Zaidi (Lipid Metabolism I/II) Flashcards
Fatty Acid Synthesis and precursor/end product
- occurs primarily in liver; also in adipose tissue, brain, kidneys, lactating mammary glands
- requires coordination between cytosolic and mitochondrial reactions
Precursor: Acetyl-CoA (2 carbon molecule)

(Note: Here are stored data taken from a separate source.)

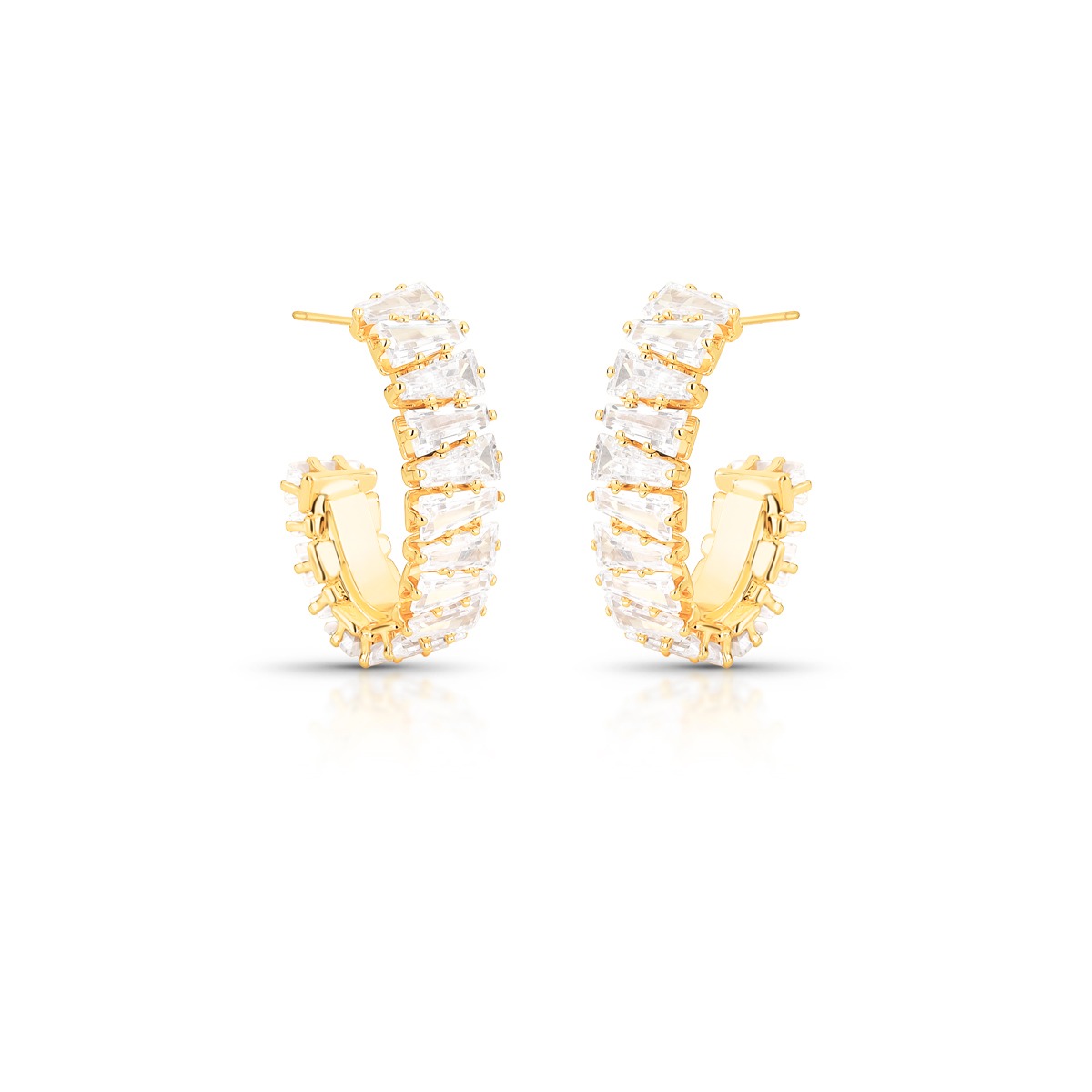 Argola cravejada com Cristais - Banho Ouro 18k
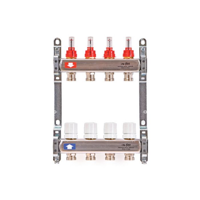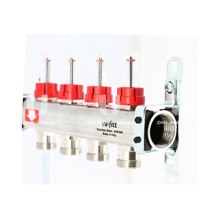 Распределительный коллектор (группа) с расходомерами Uni-fitt 450B4302 ВР 1", на 2 контура 3/4" EK, нержавеющая сталь
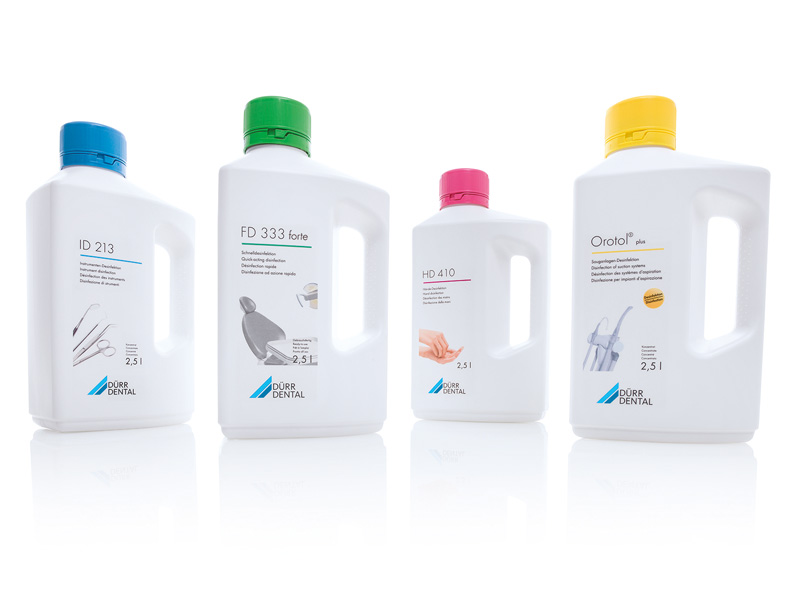 Sai lầm trong quy trình thực hiện khử khuẩn nha khoa có thể cực kỳ nguy hiểm. Vì lý do này, Durr Dental đã mã hóa màu sắc cho các chế phẩm bằng một hệ thống dung dịch diệt khuẩn qua bốn màu đặc biệt, ứng dụng cho từng lĩnh vực: màu xanh lá cây cho bề mặt, màu xanh dương cho dụng cụ, màu vàng cho các khu vực đặc biệt và bộ phận hút phẫu thuật, hút nước bọt và màu hồng cho da và bàn tay.

End product: Palmitic Acid (16 carbon molecule)
3 phases of FA Synthesis
Phase 1: Cytosolic entry of Acetyl-CoA
- made in mitochondria/needed in cytoplasm
Phase 2: Generation of Malonyl-CoA
- Acetyl-CoA carboxylated to Malonyl-CoA
Phase 3: Fatty Acid Chain formation
- fatty acid synthase catalyzes 7 reactions to form palmitate
What is the most important substrate of Fatty Acid Synthesis?
Malonyl-CoA –> RATE LIMITING STEP
Phase I: Cytosolic Entry of Acetyl-CoA
- oxaloacetate + Acetyl-CoA in mitochondria = citrate (citrate synthase)
- citrate shuttle moves citrate into cytoplasm
- ATP citrate lyase breaks citrate into Acetyl-CoA (FA synthesis in cytosol) and Oxaloacetate (+: glucose/insulin and -: PUFA/leptin)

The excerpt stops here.